This study provides additional explanations for some of the experimental findings of Chao (2000) and Chao and Chen (2001, 2004) concerning the mechanisms responsible for the latitudinal location of the ITCZ (intertropical convergence zone) in an aqua-planet model. These explanations are given in terms of attractors that are caused by the earth’s rotation and sea surface temperature (SST) latitudinal distribution. These explanations are then used to explain the origin of some of the systematic errors in the GCM (general circulation model) simulation of ITCZ precipitation over the ocean, including the origin of the “double-ITCZ bias.”
When the influence of the SST distribution is excluded, the earth’s rotation, by itself, can generate either a single rotational ITCZ attractor at the equator or a double rotational ITCZ attractor at approximately 15° N&S, depending on the model physics. When a double rotational ITCZ attractor is generated, if it is excessively strong due to problems with the model physics, the addition of the attraction due to the SST distribution will not be able to turn a double ITCZ into a single ITCZ in the non-equinoctial seasons. This results in a “double-ITCZ bias,” with the component of the double ITCZ on the opposite side of equator from the SST latitudinal peak being stronger than the component on the same side of the equator as the SST latitudinal peak. On the other hand, when a single rotational ITCZ attractor over the equator is generated, a single ITCZ exists between the equator and the SST latitudinal peak (assuming there is only one SST latitudinal peak), which is too close to the equator year-round. In fact, to obtain a good ITCZ simulation, the model should have a double rotational ITCZ attractor of moderate strength.

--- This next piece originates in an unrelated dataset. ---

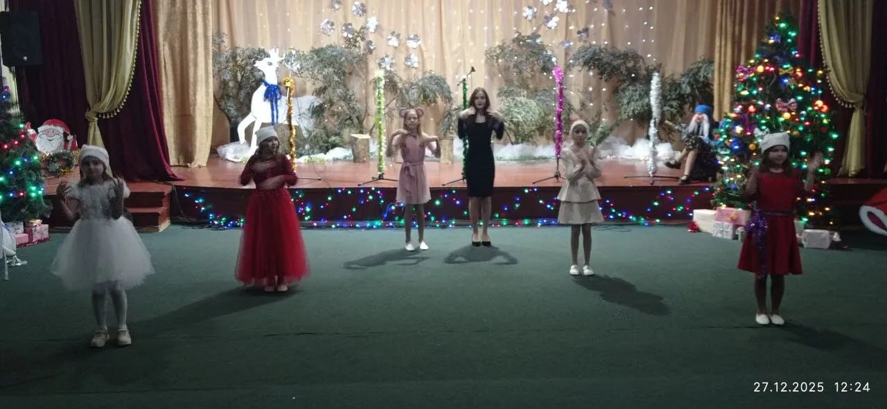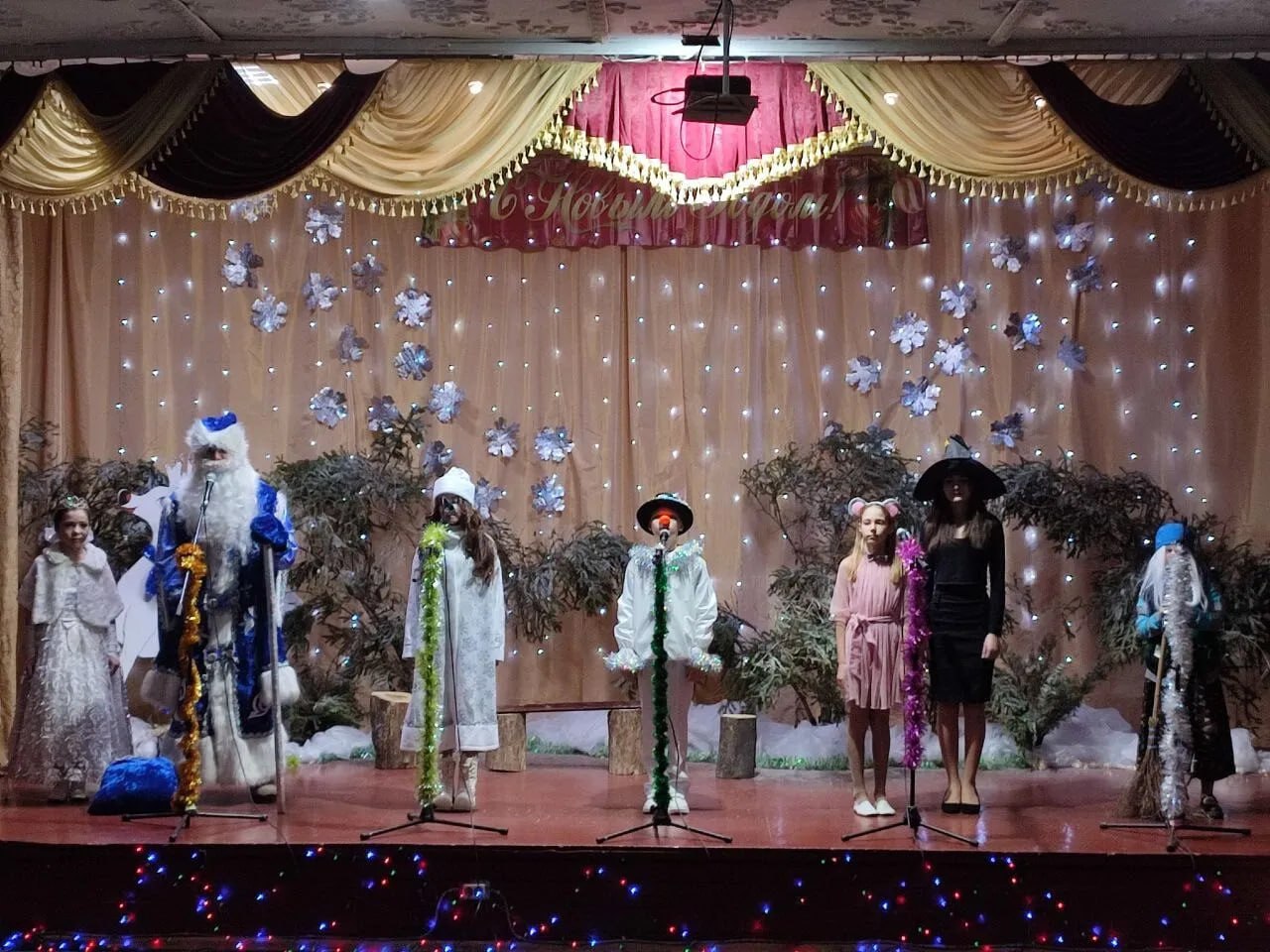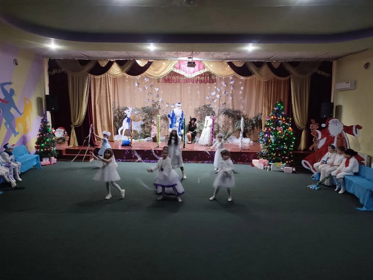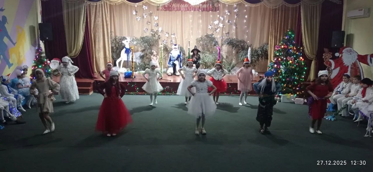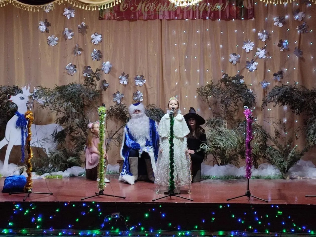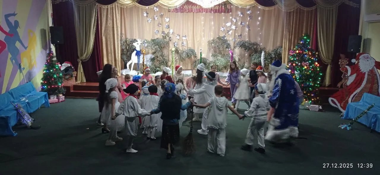 Ребята рассказывали стихотворения и водили хороводы. Разноцветные, сверкающие гирлянды и ярко украшенная ёлочка принесли детям и взрослым ощущение чуда, а сказочные герои увлекли детей в волшебный мир сказки. С появлением Деда Мороза и Снегурочки начался настоящий праздник.

ITCZ precipitation systematic errors are highly sensitive to the model physics, and by extension, the model horizontal resolution. A few possible methods of alleviating systematic errors in the GCM simulation of the ITCZ precipitation--such as rain re-evaporation, cumulus momentum transport, and an extra condition on the cumulus parameterization scheme--are discussed in the context of experiments using a recent version of the Goddard Modeling and Assimilation Office’s Goddard Earth Observing System (GEOS-5) GCM. One of the important findings is that the ITCZ precipitation systematic-error problem should be studied in conjunction with other problems in the GCM simulation, such as the problem in simulating the tropical wavenumber-frequency power spectrum.
The contribution of this paper is mainly conceptual. This paper’s findings, along with those of Chao (2000) and Chao and Chen (2001, 2004), contribute to building a theoretical foundation for ITCZ study that may lead to the eventual diminution of ITCZ precipitation systematic errors in GCMs.